Holy Cow! Downtown’s Biggest Leasing Challenge

The suit was dropped in mid-August. “I’m not sure what the sticking point was with the lender,” the source said. “I’m not pointing fingers, but their side couldn’t deliver on the lease agreement they signed. It’s unfortunate that [Alex Sapir] really didn’t own the building, the bank owned the building.”

 

S.L. GREEN’S EXECUTIVE vice president and leasing director, Steve Durels, told The Observer in the last week of August that the firm was hunting for a broker to market the building’s 12 unoccupied floors. “We’ve got about 650,000 square feet to lease up,” he said, though adding that SL Green is not marketing just yet. “Right now we’re getting our arms around the details of the building … and interviewing respective agents in the brokerage community.”
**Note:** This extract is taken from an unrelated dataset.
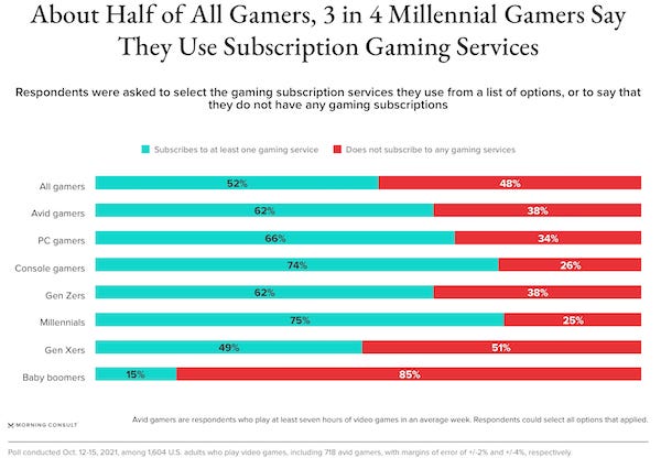 The subscription economy has officially infiltrated gaming: Half of the gaming market, including a strong majority of millennial gamers, say they pay for at least one service as industry shifts toward subscriptions. (Morning Consult)

Despite the changing of the guard, Tungsten Properties is still advertising 150- to 3,000-square-foot, “fully-furnished” office suites for $500 a month at 100 Church on its Web site. The listing promises “no credit check.” The broker confirmed that the space was still on the market, though the asking rent has recently risen to $1,000.

Huge “For Rent” banners still hang in the window of the vacant ground-floor retail space on Barclay Street, too. The Winick Realty broker marketing the listing declined to comment on anything related to 100 Church.

The building’s current tenants appeared oblivious to the trouble. One employee who has worked at 100 Church since 2001 said she has never noticed a management transition. “Aside from the crystal balls, it’s actually a really nice building,” she said, during a smoke break in late August in front of the non-regulation signage.

“Seriously?,” her companion said. “Have you seen the lobby? They are Swarovski crystal.”